## EXERCISE PROMPT
Would you transcribe exactly the lines from the one containing "Đề bài: The" to the last line of the data below, both ends included, but none of the pictures?

## INFORMATION PROVIDED
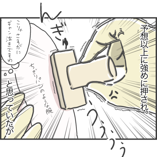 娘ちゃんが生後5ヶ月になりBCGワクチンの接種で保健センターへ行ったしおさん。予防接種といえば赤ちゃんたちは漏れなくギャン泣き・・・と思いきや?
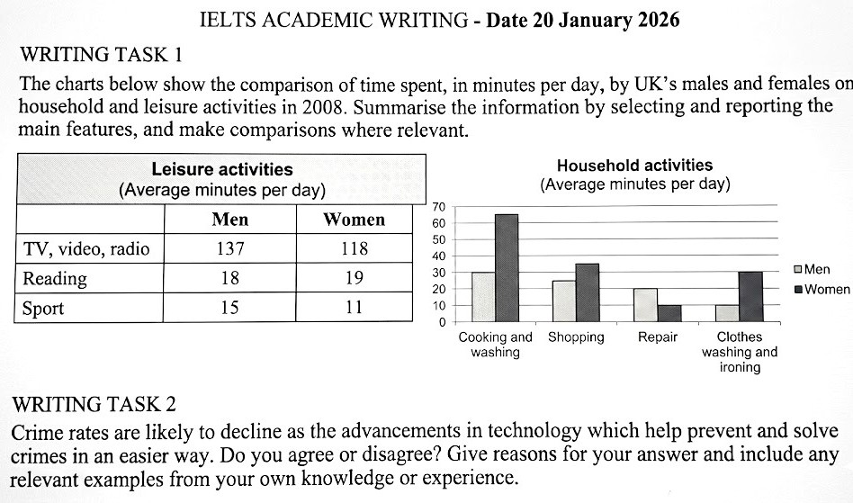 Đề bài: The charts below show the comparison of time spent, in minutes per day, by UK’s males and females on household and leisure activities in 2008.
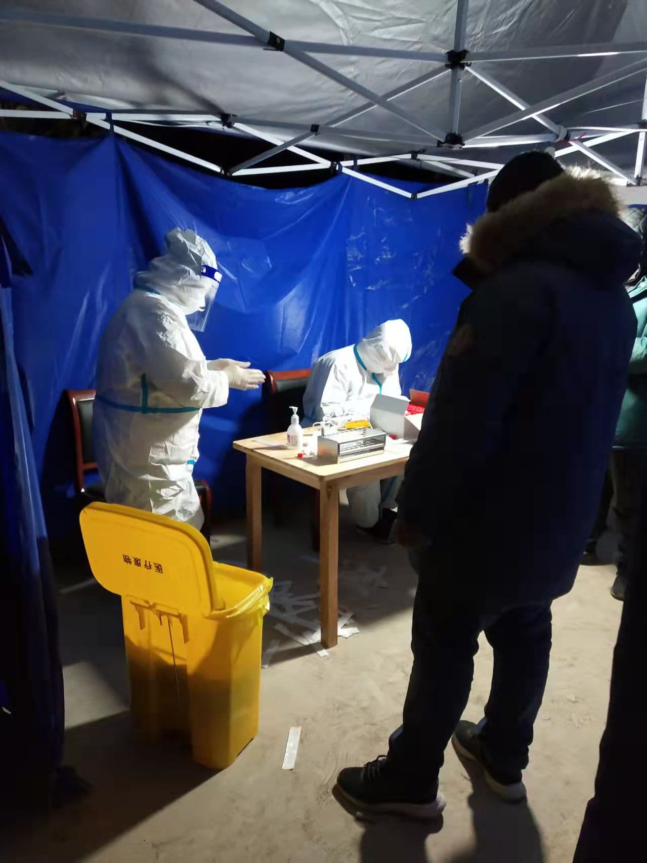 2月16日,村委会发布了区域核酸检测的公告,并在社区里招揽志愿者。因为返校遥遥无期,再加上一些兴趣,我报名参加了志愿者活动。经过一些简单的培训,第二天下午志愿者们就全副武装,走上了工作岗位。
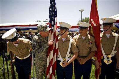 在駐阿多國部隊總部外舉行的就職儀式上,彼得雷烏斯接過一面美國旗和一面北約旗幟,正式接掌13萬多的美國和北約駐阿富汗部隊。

## RESULT OF THE TASK
 Đề bài: The charts below show the comparison of time spent, in minutes per day, by UK’s males and females on household and leisure activities in 2008.
 2月16日,村委会发布了区域核酸检测的公告,并在社区里招揽志愿者。因为返校遥遥无期,再加上一些兴趣,我报名参加了志愿者活动。经过一些简单的培训,第二天下午志愿者们就全副武装,走上了工作岗位。
 在駐阿多國部隊總部外舉行的就職儀式上,彼得雷烏斯接過一面美國旗和一面北約旗幟,正式接掌13萬多的美國和北約駐阿富汗部隊。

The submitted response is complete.